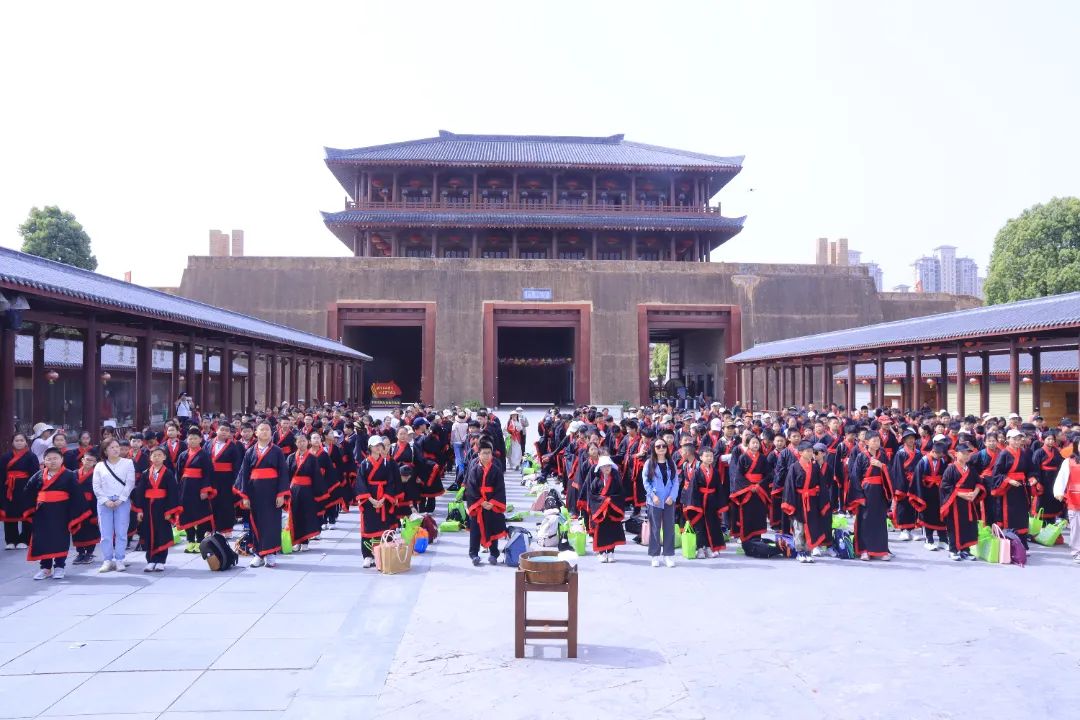 清晨,学生们身着统一服装,在铁路工作人员的引导下有序乘车,乘公交专车直达车站换乘专列。抵达景区后,古色古香的建筑与身着汉服的工作人员瞬间将师生带入历史情境。学生们换上汉服,参与庄重的“汉式感恩礼”,通过拜师仪式感悟尊师重道的传统伦理。
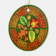 Une frontière celtique de knotwork dans des oranges et des jaunes d'automne entoure un centre de chêne, de houx, et de feuille d'érable dans diverses couleurs de chute, avec des vignes d'enroulement et des spirales décoratives !
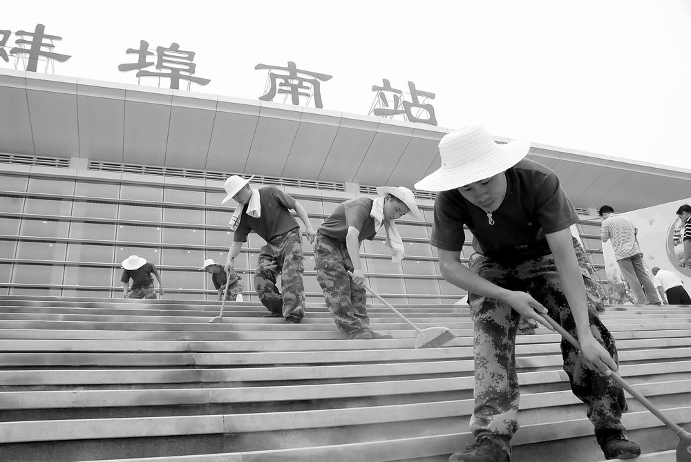 6月28日上午,解放軍汽車管理學(xué)院組織200余名官兵清掃高鐵蚌埠南站站前廣場(chǎng),為第二故鄉(xiāng)建設(shè)做貢獻(xiàn)。
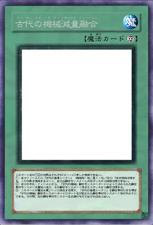 古代の機械は最近融合モンスターも融合のサポートも増えましたし、こんなちょっと変わった専用融合カードがあっても面白そうだなと思って、こんなカードを考えてみました。」(2017-11-26 10:46)
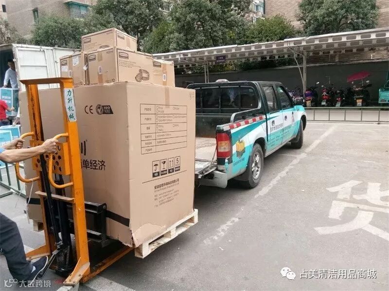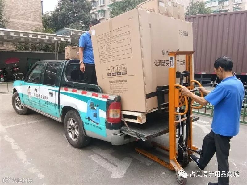 我们占美公司的同事帮忙把容恩R-QQR洗扫一体机装上车。
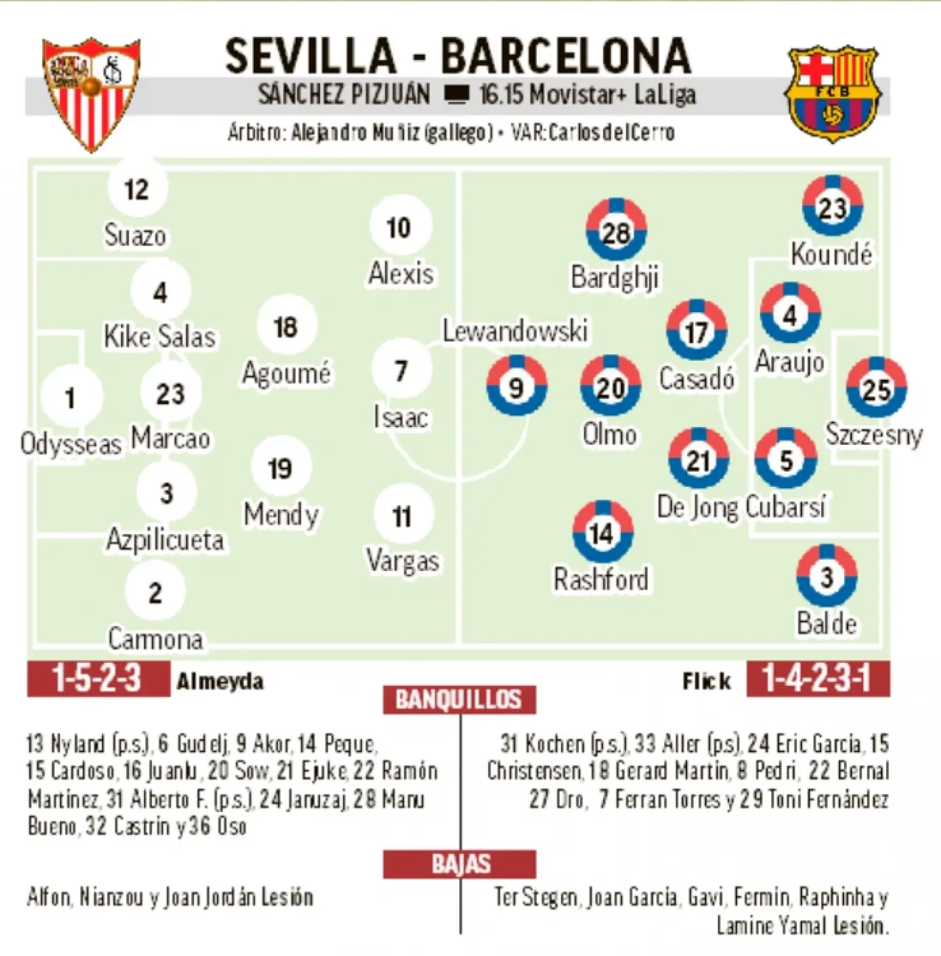 פציעות: מאטס, גאבי, פרמין, ראפיניה, לאמין, ז’ואן גרסיה
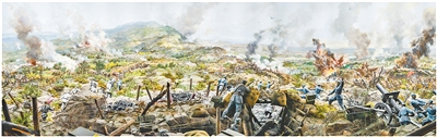 百团大战纪念馆内还原的“鏖战狮脑山”场景。 |
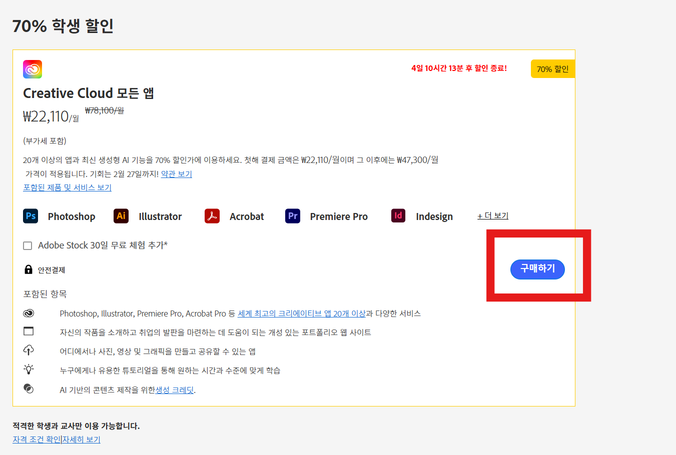 - 학생 구독: 월 2만 2천 원 (어도비의 모든 앱 사용 가능)
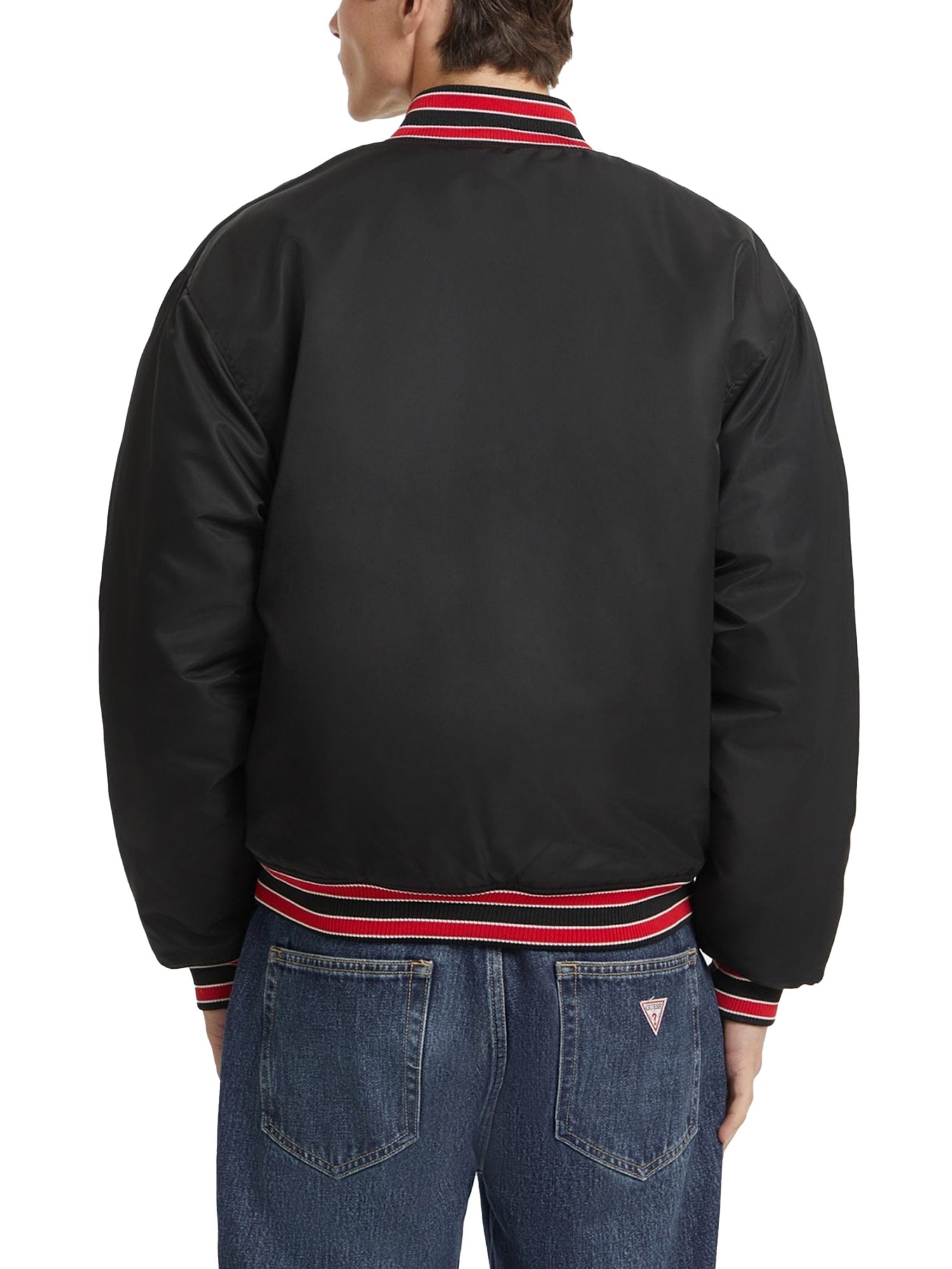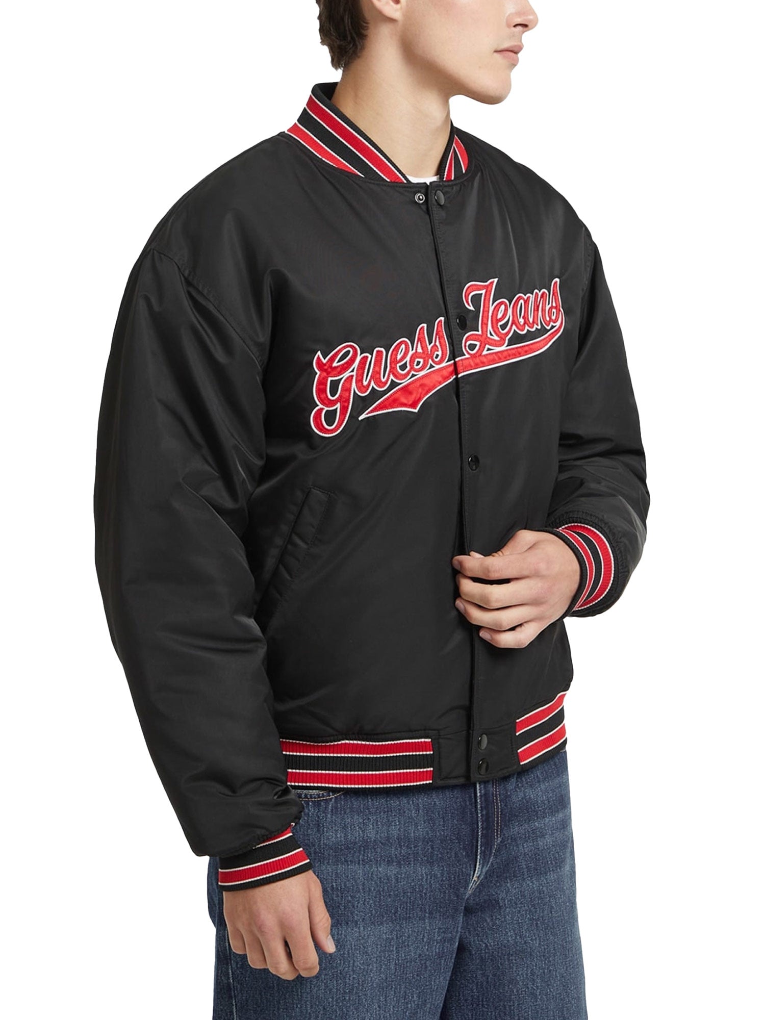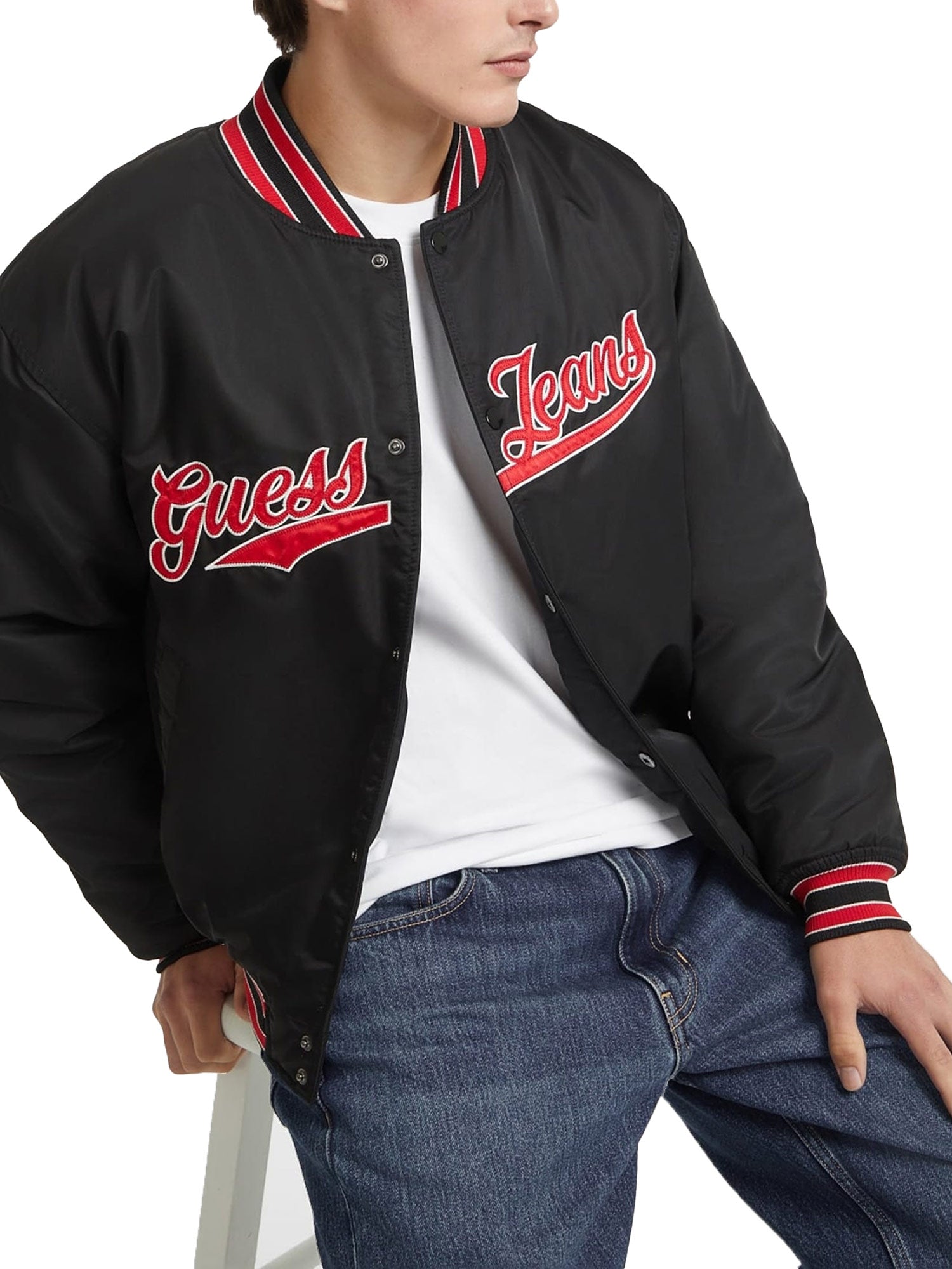 Bomber Guess, un modello classico arricchito da un motivo patchwork sportivo. Realizzato in nylon resistente, con un design dalle linee moderne e dettagli pregiati per un look contemporaneo.

- _The task_: Please output all of the entries exactly as they appear, with no pictures.

- _Solved exercise_:
 清晨,学生们身着统一服装,在铁路工作人员的引导下有序乘车,乘公交专车直达车站换乘专列。抵达景区后,古色古香的建筑与身着汉服的工作人员瞬间将师生带入历史情境。学生们换上汉服,参与庄重的“汉式感恩礼”,通过拜师仪式感悟尊师重道的传统伦理。
 Une frontière celtique de knotwork dans des oranges et des jaunes d'automne entoure un centre de chêne, de houx, et de feuille d'érable dans diverses couleurs de chute, avec des vignes d'enroulement et des spirales décoratives !
 6月28日上午,解放軍汽車管理學(xué)院組織200余名官兵清掃高鐵蚌埠南站站前廣場(chǎng),為第二故鄉(xiāng)建設(shè)做貢獻(xiàn)。
 古代の機械は最近融合モンスターも融合のサポートも増えましたし、こんなちょっと変わった専用融合カードがあっても面白そうだなと思って、こんなカードを考えてみました。」(2017-11-26 10:46)
 我们占美公司的同事帮忙把容恩R-QQR洗扫一体机装上车。
 פציעות: מאטס, גאבי, פרמין, ראפיניה, לאמין, ז’ואן גרסיה
 百团大战纪念馆内还原的“鏖战狮脑山”场景。 |
 - 학생 구독: 월 2만 2천 원 (어도비의 모든 앱 사용 가능)
 Bomber Guess, un modello classico arricchito da un motivo patchwork sportivo. Realizzato in nylon resistente, con un design dalle linee moderne e dettagli pregiati per un look contemporaneo.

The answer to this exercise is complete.